(DATA EXTRACTS)
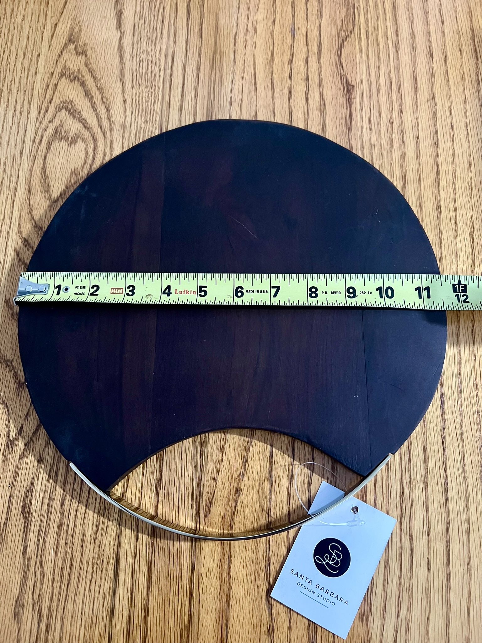 BRAND NEW with tags Santa Barbara Design Studio 12” diameter Mango hardwood charcuterie board with polished brass handle. New/unused. Will throw in a set of 8 holiday 9” serving trays. Asking $10.00. *** MESA ***
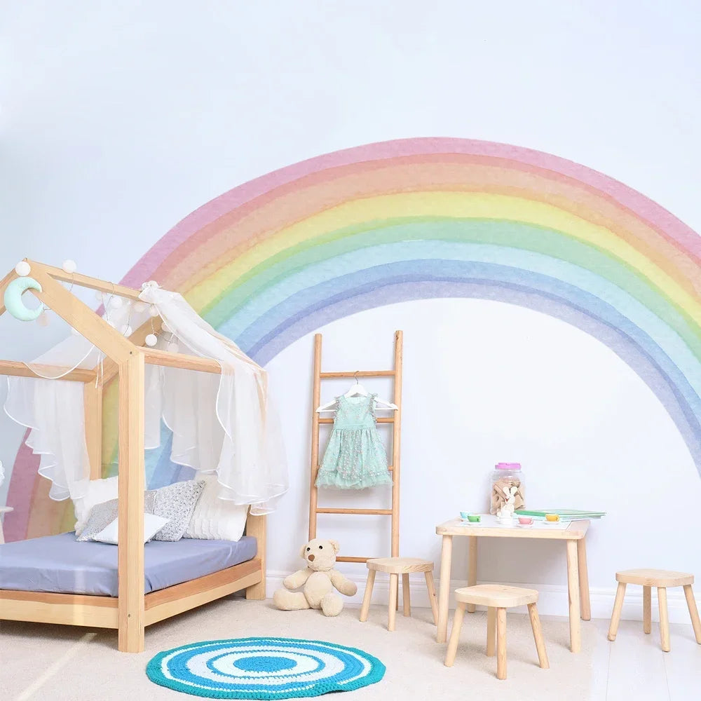 Large Rainbow Pastel Wall stickers Mural Nursery Kids Room Wall Decals Baby Shower Playroom Decorations Baby Boy Girl Gift Tiles
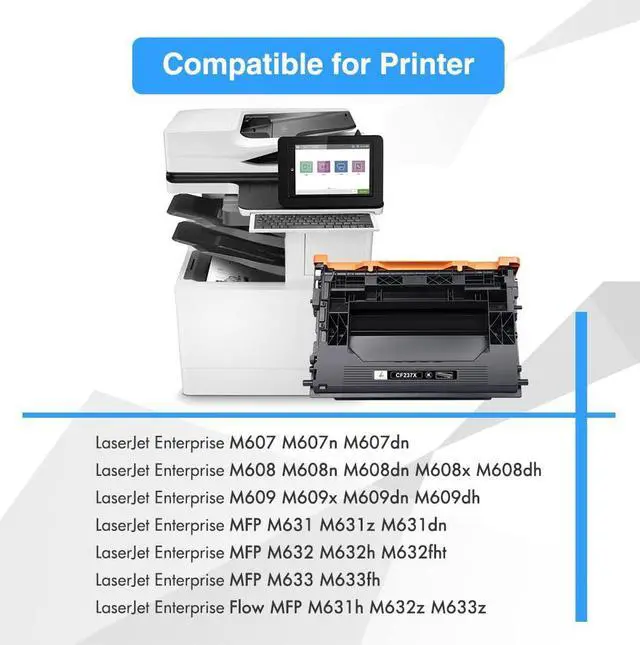 Compatible for: CF237X toner cartridge, CF237A toner cartridge, 37X toner cartridge, 37A toner cartridge, Enterprise M607 toner cartridgee, Enterprise M608 toner cartridge, CF237X 37X CF237A 37A Print Cartridge M607 M608 M609 MFP M631 M632 M633 toner
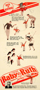 This is an original 1942 two-color print ad for the Baby Ruth Candy Bar featuring the famous Dionne Quintuplets and their baby doctor, Dr. Allan Roy Dafoe.
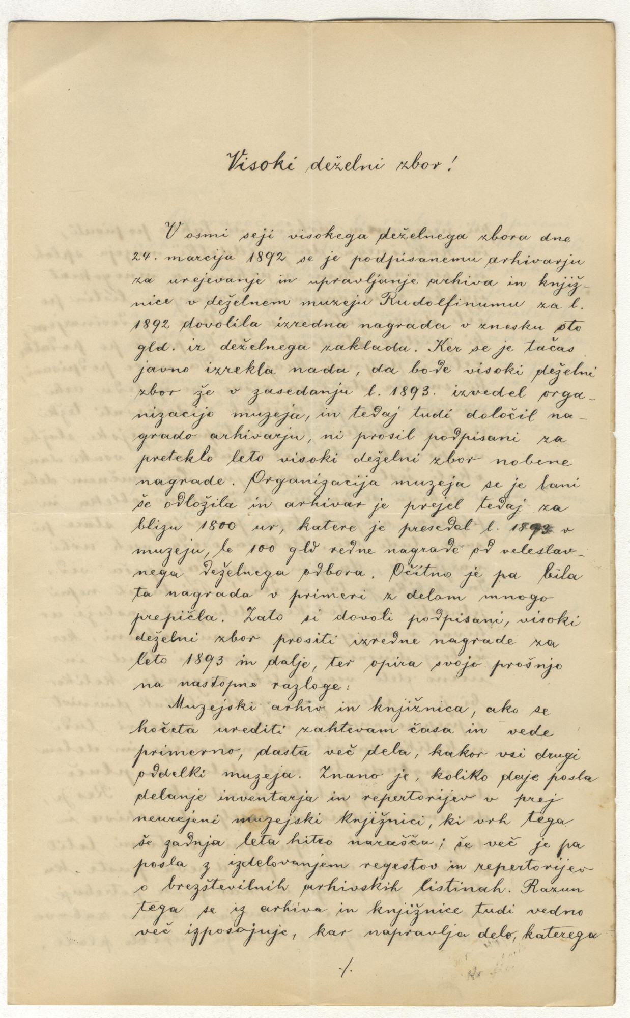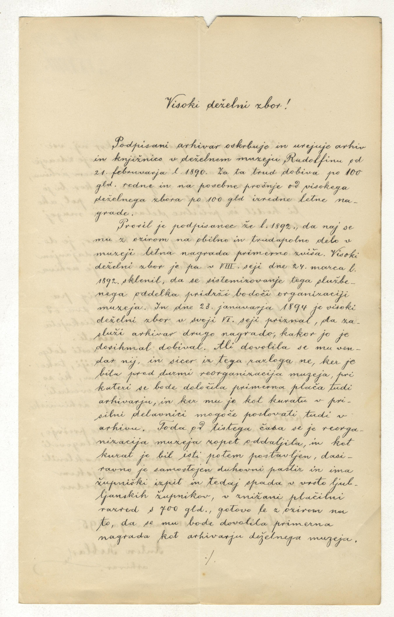 “The head of the museum archive in Rudolfinum”, or more precisely “the archivist” Koblar, did not hesitate to act, and on January 14, 1894, he wrote to the Provincial Diet, asking for a 100-gulden reward for the years 1893 and 1894. He reminded the Diet that, in the spring of 1892, he had already been granted a reward of 100 gulden for his »arrangement and management of the archive and library”. He explained that he made no special request for the year 1893, because the matter was expected to be resolved with the planned reorganization of the museum, which, however, never took place. Therefore, for 1,800 hours of his work in 1893, he had received only the regular reward of 100 gulden, which was not nearly enough. He justified his request for a special reward in vivid terms, as can be seen in the document reproduced for the purpose of this month’s archivalia. Let us just take a look at a few excerpts: “The gruelling work at the archive does not merely cover one’s clothes and lungs in dust but also strains one’s eyes when reading old scripts. The early loss of eyesight is the inevitable fate of every archivist. /…/ It is true, that the author of this letter likes working at the archive and that it was his love of archival work that inspired him to do it. But to spend one’s days compiling dull catalogues for others, and one’s nights working on what one needs for oneself – this is no pleasure for anyone, and no one would do it for such meagre pay.” For these reasons, Koblar asked the Provincial Diet to grant him a special reward of 300 gulden for the year 1983 (he had already received a regular reward of 100 gulden), and to award him a continuing annual payment of 400 gulden from the “provincial treasury” – to remain in effect until the planned reorganization of the museum was completed and for as long as the Diet remained satisfied with his work.
(End DATA EXTRACTS)
EXERCISE INSTRUCTIONS. From the first line of the listing above, repeat every line through the one holding "This is an original". Both ends count, and pictures stay out.

ANSWER SPACE.
 BRAND NEW with tags Santa Barbara Design Studio 12” diameter Mango hardwood charcuterie board with polished brass handle. New/unused. Will throw in a set of 8 holiday 9” serving trays. Asking $10.00. *** MESA ***
 Large Rainbow Pastel Wall stickers Mural Nursery Kids Room Wall Decals Baby Shower Playroom Decorations Baby Boy Girl Gift Tiles
 Compatible for: CF237X toner cartridge, CF237A toner cartridge, 37X toner cartridge, 37A toner cartridge, Enterprise M607 toner cartridgee, Enterprise M608 toner cartridge, CF237X 37X CF237A 37A Print Cartridge M607 M608 M609 MFP M631 M632 M633 toner
 This is an original 1942 two-color print ad for the Baby Ruth Candy Bar featuring the famous Dionne Quintuplets and their baby doctor, Dr. Allan Roy Dafoe.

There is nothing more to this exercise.